* [Task instructions]: Copy the data that follows, character for character, minus the pictures.

── Provided data ──

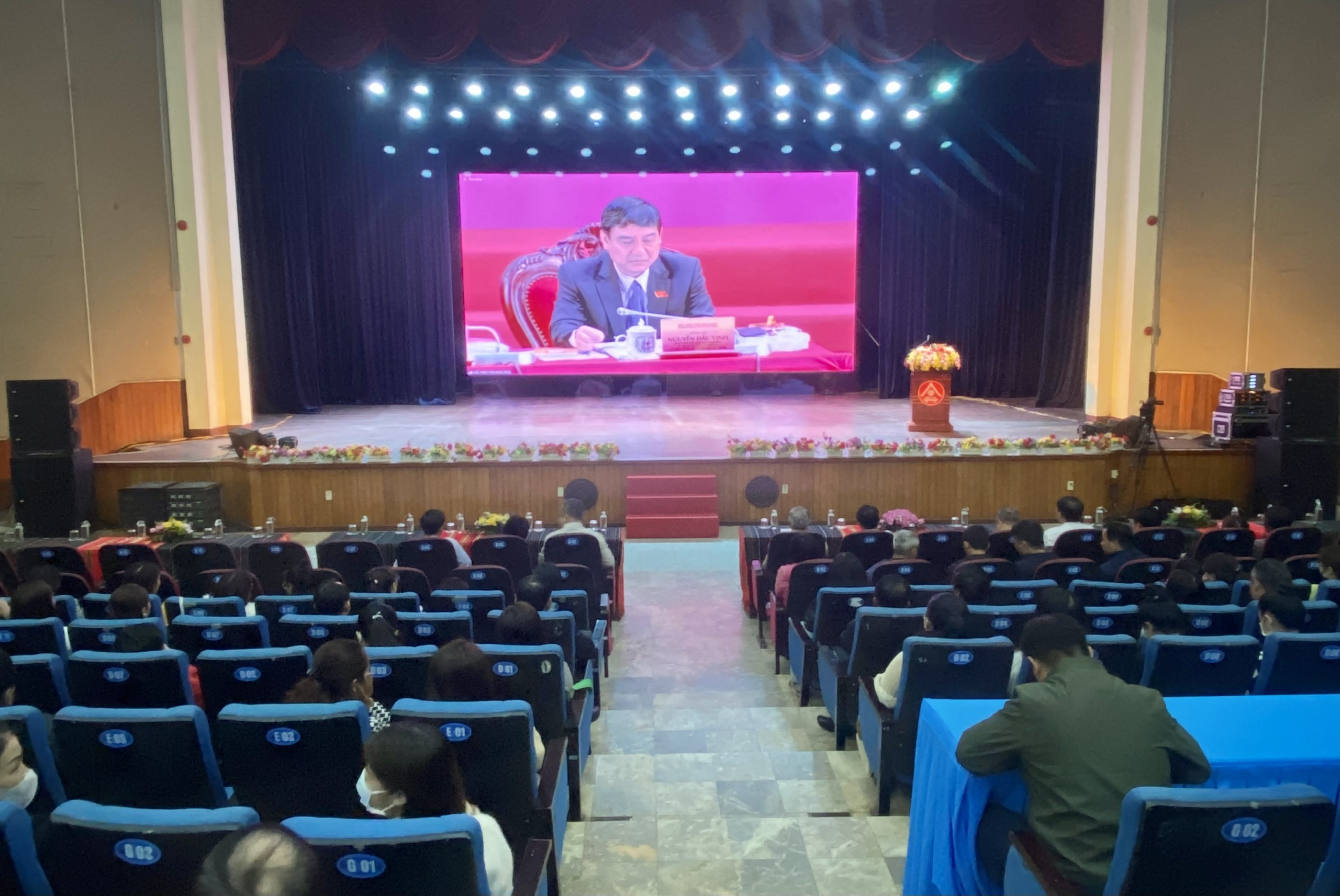 Một số hình ảnh công chức, viên chức, người lao động của Sở Văn hóa, Thể thao và Du lịch tỉnh Đắk Lắk tham dự trực truyến tại Hội trường Trung tâm Văn hóa tỉnh.
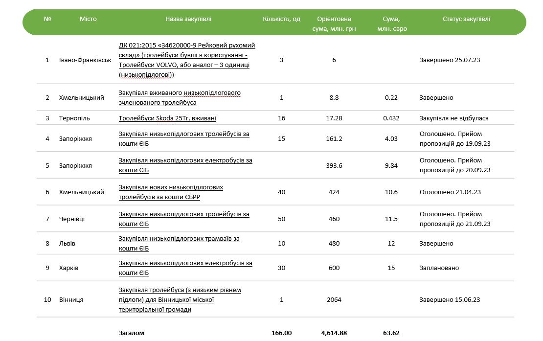 Детальніше зі списком закупівель електричного громадського транспорту містами України можна ознайомитися нижче. Зауважимо, що цей список може бути не вичерпним і якісь закупівлі не потрапили в наш моніторинг.
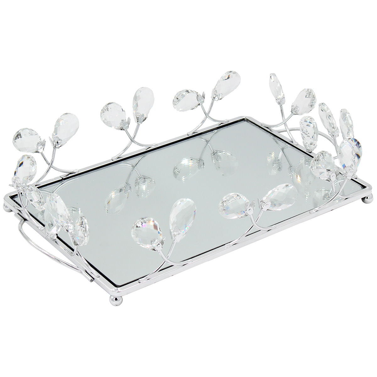 Διακοσμητικό - Δίσκος μεταλλικός 35Χ22Χ7 εκ. Ασημί με καθρέπτη και κρύσταλλα
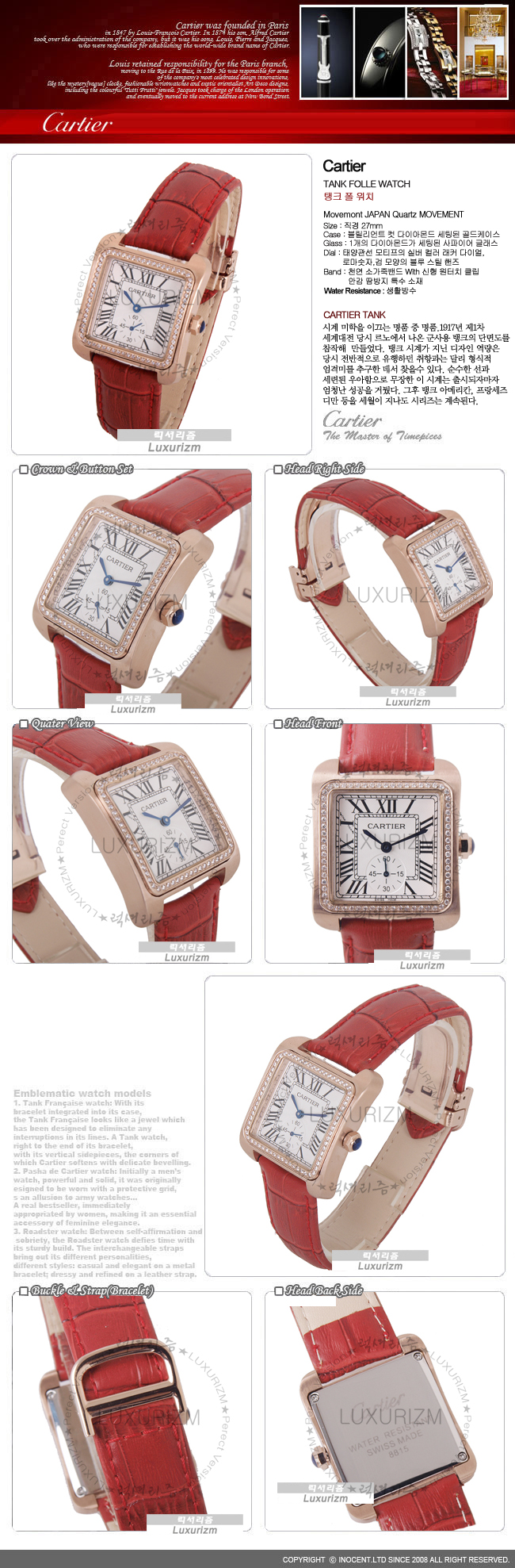 CARTIER-96238 탱크 화이트다이얼 큐빅 로즈골드 레드

───

* [Exercise response]:
 Một số hình ảnh công chức, viên chức, người lao động của Sở Văn hóa, Thể thao và Du lịch tỉnh Đắk Lắk tham dự trực truyến tại Hội trường Trung tâm Văn hóa tỉnh.
 Детальніше зі списком закупівель електричного громадського транспорту містами України можна ознайомитися нижче. Зауважимо, що цей список може бути не вичерпним і якісь закупівлі не потрапили в наш моніторинг.
 Διακοσμητικό - Δίσκος μεταλλικός 35Χ22Χ7 εκ. Ασημί με καθρέπτη και κρύσταλλα
 CARTIER-96238 탱크 화이트다이얼 큐빅 로즈골드 레드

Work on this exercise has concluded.